También se utilizaron datos Y-STR obtenidos con Y-filer y datos Y-SNP producto de minisecuenciación de 26 hombres Emberá-Chamí de Segovia-Antioquia, 20 Guambianos (Misak) de Silvia-Cauca, 9 Coconucos de Puracé-Cauca, 12 Nasa (Páez) de Popayán-Cauca, 1 Pasto de Córdoba-Nariño y 5 Yanaconas de La Vega-Cauca reportados en artículos ya publicados de comunidades indígenas colombianas (Roewer, et al. , 2013; Xavier, et al. , 2015), (Figura 1), los datos de referencia y los del presente estudio son complementarios y comparables.
Análisis estadístico. A las muestras negativas para haplo-grupos amerindios se les infirió el haplogrupo a partir de sus haplotipos usando el programa YPredictor versión 1.5.0 (http://www.predictor.yADN.ru/), posteriormente se determinaron sus porcentajes con respecto a las muestras positivas.

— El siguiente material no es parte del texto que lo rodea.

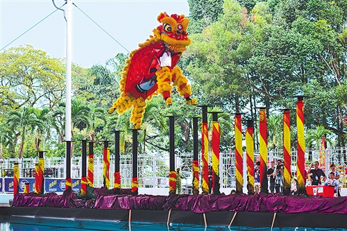 日前,第一届马来西亚国际水上跳桩狮王争霸赛在吉隆坡举行。图为新加坡艺威体育会舞狮队在比赛中。

La estructura genética de las muestras positivas para haplogrupos amerindios fue calculada a partir de la matriz de datos de microsatélites con el programa Arlequín versión 3.5.1.2 (Excoffier y Lischer, 2010), usando una AMOVA con estadísticos Rst, y un análisis de coordenadas principales (PCoA) a partir de las distancias genéticas corregidas de Nei empleando el programa GenAlEx versión 6.501 (Peakall & Smouse, 2012). Adicionalmente, se infirió la estructura genética espacial con el programa Geneland implementado en R (R Core Team, 2015), utilizando la matriz Y-STR en combinación con las coordenadas geográficas del lugar de nacimiento de cada individuo.

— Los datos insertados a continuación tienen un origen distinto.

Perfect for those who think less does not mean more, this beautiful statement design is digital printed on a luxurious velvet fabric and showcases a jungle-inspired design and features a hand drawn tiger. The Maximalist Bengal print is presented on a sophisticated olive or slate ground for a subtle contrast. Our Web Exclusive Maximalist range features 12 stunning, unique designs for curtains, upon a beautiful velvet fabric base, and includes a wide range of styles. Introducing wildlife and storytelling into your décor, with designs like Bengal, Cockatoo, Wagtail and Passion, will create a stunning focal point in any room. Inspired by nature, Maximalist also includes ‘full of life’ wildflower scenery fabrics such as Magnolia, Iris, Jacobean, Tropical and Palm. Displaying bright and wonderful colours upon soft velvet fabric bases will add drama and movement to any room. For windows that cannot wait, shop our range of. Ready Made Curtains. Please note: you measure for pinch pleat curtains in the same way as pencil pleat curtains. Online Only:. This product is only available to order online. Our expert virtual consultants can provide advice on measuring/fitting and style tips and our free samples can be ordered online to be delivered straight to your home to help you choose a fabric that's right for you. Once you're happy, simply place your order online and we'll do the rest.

Las relaciones filogenéticas se exploraron con redes de expansión mínima a partir de los haplotipos Y-STR con el programa Network versión 4.6.1.3 (Bandelt, et al. , 1999), empleando el algoritmo de unión promedio (Median-Joining) y ponderándolo con la tasa de mutación de cada Y-STR. Además, se construyeron árboles de inferencia filogenética con el algoritmo Neighbor Joining (NJ) en el programa MEGA versión 6.0 (Tamura, et al. , 2013), utilizando como matriz de distancias los valores pareados RST.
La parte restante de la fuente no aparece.